Нет, друзья мои, срывать на людях свое настроение ни к чему. Хочешь расслабиться, прими ванну, посиди в уголочке с книгой, сходи в парикмахерскую, побегай по магазинам, порадуй себя обновками… В конце концов, купи торт. И устрой дома внеочередной праздник.

Это очень помогает. А еще незаметно полюбуйтесь на подросших детей, скажите им ободряющие слова. Не забудьте пригласить мужа или займитесь подготовкой к чаепитию с ним. Ваше поведение наверняка вызовет ответную реакцию. Не сомневаюсь, что добрую…

Так, что, чем ваше слово отзовется, это зависит только от вас. Дерзайте!

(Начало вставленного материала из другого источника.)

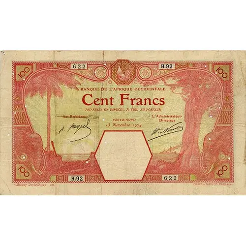 | Opschrift voorzijde | BANQUE DE L`AFRIQUE OCCIDENTALE CENT FRANCS PAYABLES EN ESPÈCES, A VUE, AU PORTEUR PORTO-NOVO h.Bellery Desfontaines del. ERNEST ET FREDERIC FLORIAN SC. |

*Вот такая статья для размышления*

----------


## multiarc

На самом деле, в идеале, и стоило бы говорить всегда и всем правду, но т.к. люди закомплексованы, с разного рода расстройствами личности, сильными и слабыми, нет идеальных и быть не может. Поэтому приходится подстраиваться в общении с каждым так, чтобы было комфортно обоим. Это не всегда просто, особенно когда человека знаешь не так давно, а если знаешь давно, то порой лучше правду сказать, ибо человек уже готов например от лучшего друга/подруги услышать как на самом деле, а не лесть или лож...

----------